J. & L. Lobmeyr is a glassware company from Vienna, Austria. It was founded in 1823 and is still family owned.

==History==
The company was founded in 1823 by Josef Lobmeyr (17 March 1792 – 8 May 1855). When his children acquired the company they renamed it J. & L. Lobmeyr, named after his son Joseph and brother Louis. Joseph became the marketing director and Louis managed the art department. Ludwig Lobmeyr (2 August 1829 – 25 March 1917) developed further professional relationships with Bohemian glassworks and glass making companies. They had an office at Kamenický Šenov and partners included Wilhelm Kralik of Meyrswalden.

J. & L. Lobmeyr provided a crystal chandelier for Schönbrunn Palace and other clients. They also had a partnership with Thomas Edison. They co-developed the first electric chandeliers in the world, in 1880, with Edison. They provided services for the King of Belgium, the Duke of Brabant, and the Court of Flanders. In 1906 they opened an office in Karlovy Vary. Around this time, clients included Archduke Franz Ferdinand of Austria. In recognition of their services, they were titled purveyor to the Imperial Court. In 1917, Louis died. The company was left to Stefan Rath (1876–1960), Louis' nephew. Additional clients included the Vienna State Opera, the Metropolitan Opera, the John F. Kennedy Center for the Performing Arts, and the Kremlin. As of 1962, Rath had written a history of the family and company.

Ludwig Lobmeyr (2 August, 1829 in Vienna; † March 25, 1917) expanded the contacts to Bohemian glassworks and glass finishing workshops that his father had already established; he maintained several branches in the region and hired glass cutters and engravers for himself. Kamenický Šenov and the surrounding area was a center for the recruitment of artists. Ludwig also worked closely with the Bohemian glass manufacturer Wilhelm Kralik von Meyrswalden, the husband of his sister Louise.
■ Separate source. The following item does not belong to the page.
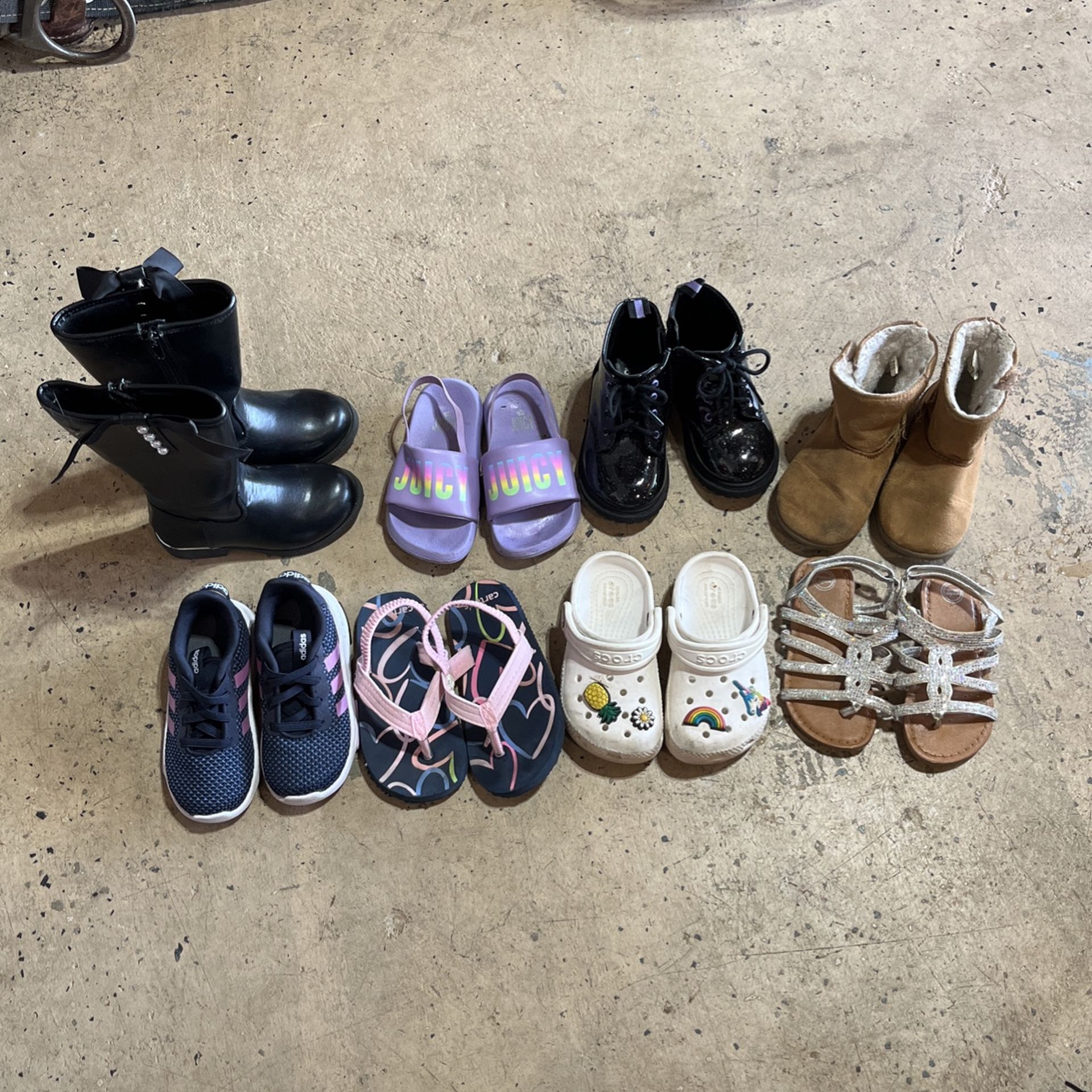 NOT SOLD SEPARATELY please refer to pictures for condition of the items Glitter sandals size 7 Brown boots size 6 Black and purple combat boots size 6 Crocs size 7 Juicy Sandals size 7/8 Black boots size 7 Adidas size 7 Carter Sandals size 7/8

He had many of his glass designs produced in the company of his brother-in-law Meyr's nephew in Adolf near Winterberg.

Under Ludwig's management, the company J. &. L. Lobmeyr became a court glassware dealer in 1860. It supplied crystal chandeliers for the Hofburg, Schönbrunn Palace and the Bavarian royal palaces. Ludwig, himself an enthusiastic patron of the arts and collector, also knew artists and scientists outside the field of glassmaking, such as Theophil von Hansen and Josef Hoffmann. In 1882, in collaboration with Thomas Alva Edison, he equipped the Redoutensäle with the world's first electric chandeliers. He was appointed to the House of Lords (upper house of parliament) by Emperor Franz Joseph I in 1887 and made an honorary citizen of the city of Vienna in 1889. He turned down the offer to apply for the nobility.

Lobmeyr was also a purveyor to the Bavarian, Serbian, Greek and Bulgarian courts. Earlier suppliers included the King of Belgium, the Duke of Brabant and the Count of Flanders. In 1907, another branch was opened in Karlsbad. A very large service was produced for the heir to the throne Franz Ferdinand, who had previously selected the motifs in the Museum of Applied Arts, Vienna.

When Ludwig died childless in 1917, he bequeathed the company to Stefan Rath (1876–1960), the son of his sister Mathilde. In 1907, another branch was opened in Karlsbad. A very large service was produced for the heir to the throne Franz Ferdinand, who had previously selected the motifs in the K.K. Austrian Museum of Art and Industry.

The company survived the Second World War and in the post-war period, orders for the chandeliers and candelabras in the Vienna State Opera, the theater in Luxembourg, the Metropolitan Opera in New York, the John F. Kennedy Center for the Performing Arts in Washington DC and the Kremlin in Moscow kept business going.

Today, the company is still owned by Rath's grand children Andreas, Leonid and Johannes.